TASK DESCRIPTION:
Print exactly the lines below between the line containing "听众提问包括了拖曳速度和覆冰" and the line containing "rozdzielczości do 5760x3840.", counting both of those lines. Leave pictures out.

RECORDS TO USE:
[Start of Attachment]
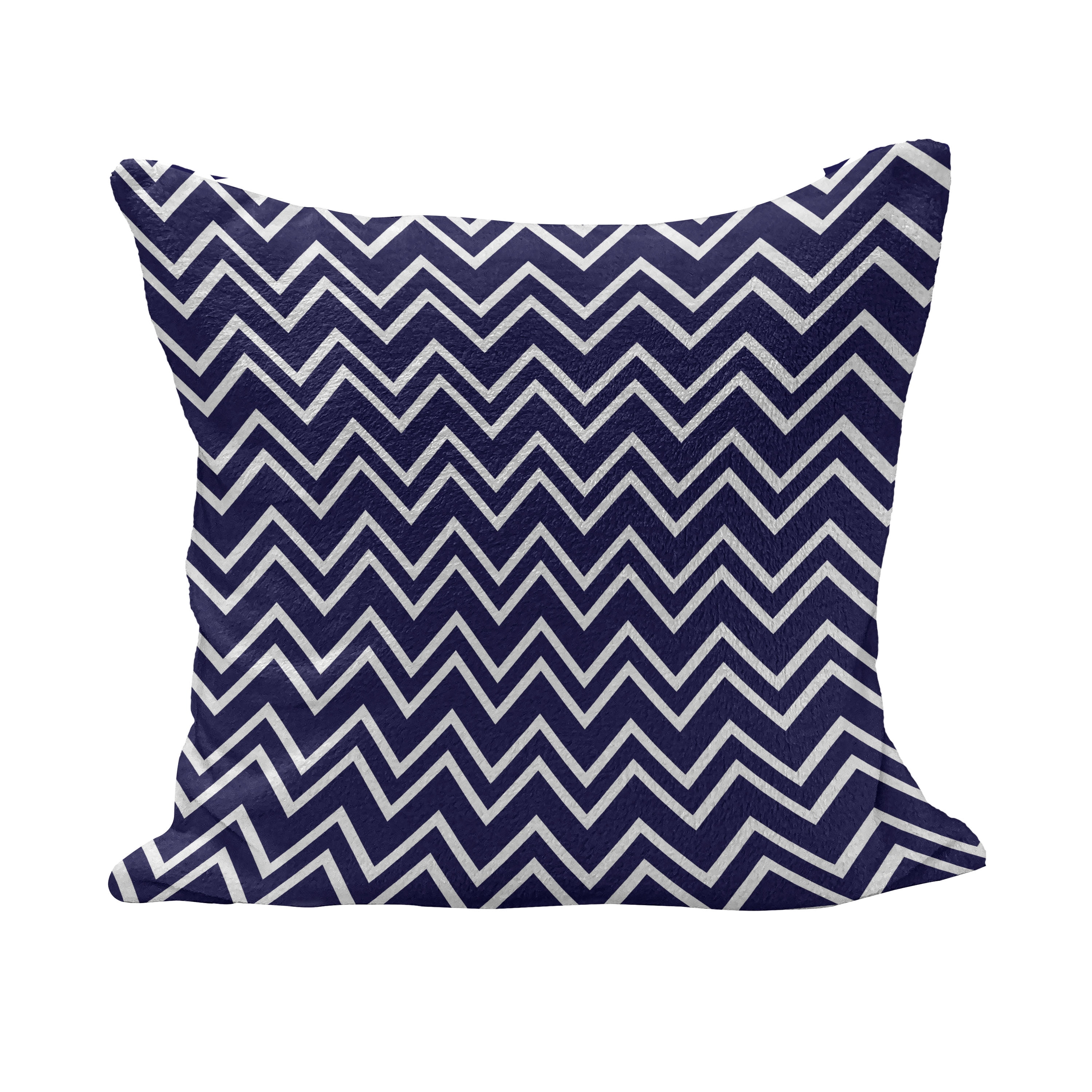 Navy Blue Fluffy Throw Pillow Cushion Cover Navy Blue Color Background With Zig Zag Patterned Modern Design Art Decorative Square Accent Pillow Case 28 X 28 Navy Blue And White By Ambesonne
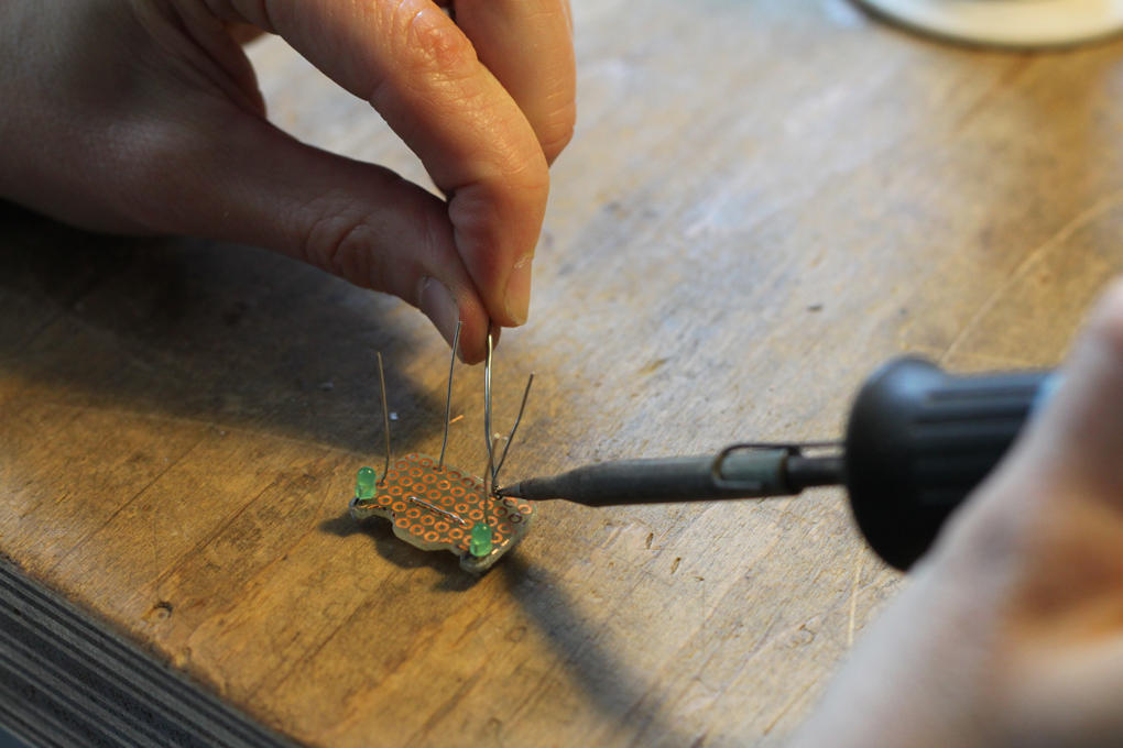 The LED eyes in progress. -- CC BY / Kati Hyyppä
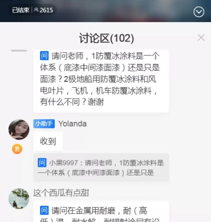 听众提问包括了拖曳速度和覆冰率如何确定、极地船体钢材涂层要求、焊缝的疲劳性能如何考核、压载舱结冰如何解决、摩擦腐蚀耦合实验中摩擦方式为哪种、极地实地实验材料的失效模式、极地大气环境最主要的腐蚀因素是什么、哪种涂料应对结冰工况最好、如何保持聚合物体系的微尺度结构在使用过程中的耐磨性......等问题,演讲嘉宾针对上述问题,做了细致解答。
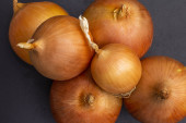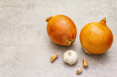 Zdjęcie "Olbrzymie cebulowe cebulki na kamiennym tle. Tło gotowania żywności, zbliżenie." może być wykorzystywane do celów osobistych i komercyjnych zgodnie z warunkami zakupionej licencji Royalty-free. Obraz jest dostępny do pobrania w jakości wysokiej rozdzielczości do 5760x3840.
[End of Attachment]
[Start of Attachment]
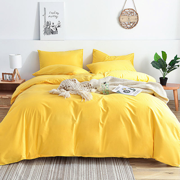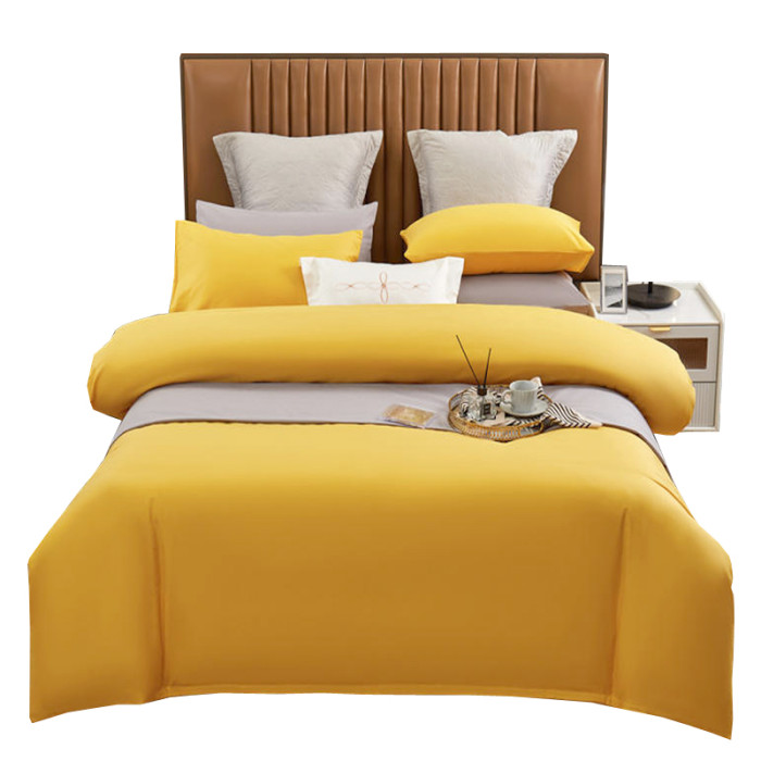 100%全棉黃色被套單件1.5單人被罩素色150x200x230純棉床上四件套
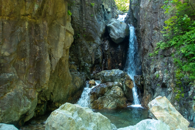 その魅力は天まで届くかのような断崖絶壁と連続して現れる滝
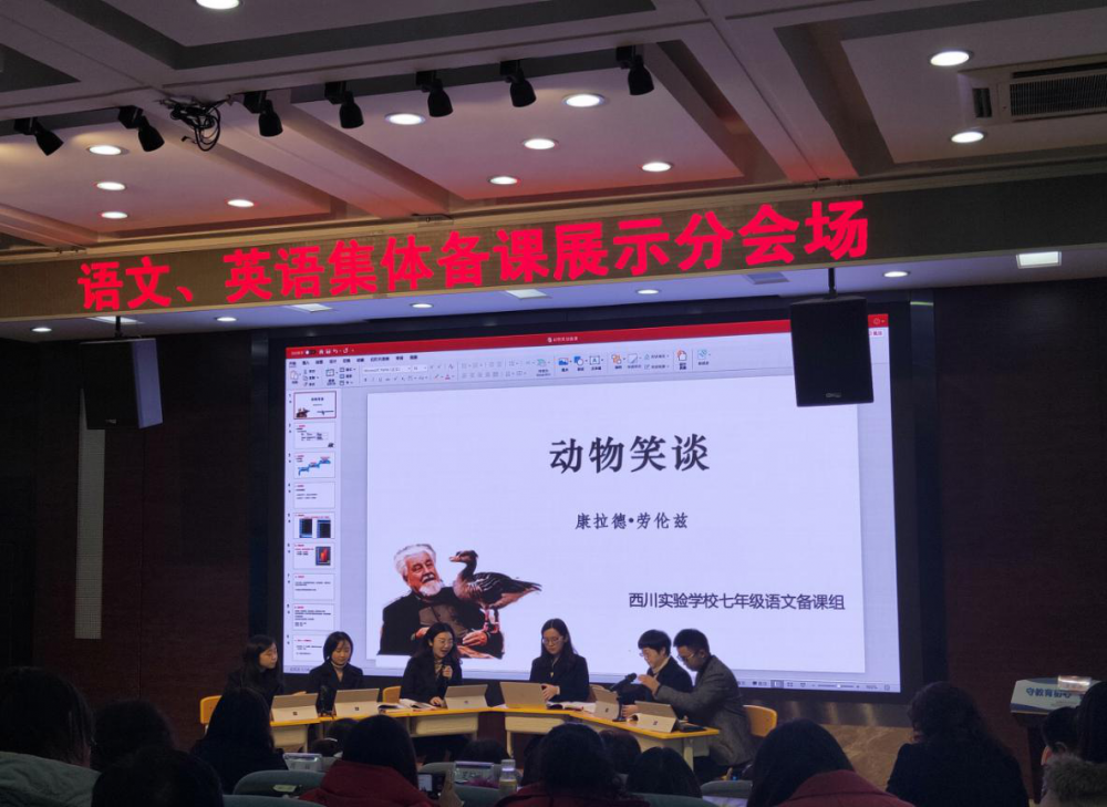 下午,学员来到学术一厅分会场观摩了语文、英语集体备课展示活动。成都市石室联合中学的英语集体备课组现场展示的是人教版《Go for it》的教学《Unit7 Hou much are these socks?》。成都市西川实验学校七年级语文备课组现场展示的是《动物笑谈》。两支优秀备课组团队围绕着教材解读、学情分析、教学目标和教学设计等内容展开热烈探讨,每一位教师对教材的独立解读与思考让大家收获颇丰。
[End of Attachment]
YOUR RESPONSE:
 听众提问包括了拖曳速度和覆冰率如何确定、极地船体钢材涂层要求、焊缝的疲劳性能如何考核、压载舱结冰如何解决、摩擦腐蚀耦合实验中摩擦方式为哪种、极地实地实验材料的失效模式、极地大气环境最主要的腐蚀因素是什么、哪种涂料应对结冰工况最好、如何保持聚合物体系的微尺度结构在使用过程中的耐磨性......等问题,演讲嘉宾针对上述问题,做了细致解答。
 Zdjęcie "Olbrzymie cebulowe cebulki na kamiennym tle. Tło gotowania żywności, zbliżenie." może być wykorzystywane do celów osobistych i komercyjnych zgodnie z warunkami zakupionej licencji Royalty-free. Obraz jest dostępny do pobrania w jakości wysokiej rozdzielczości do 5760x3840.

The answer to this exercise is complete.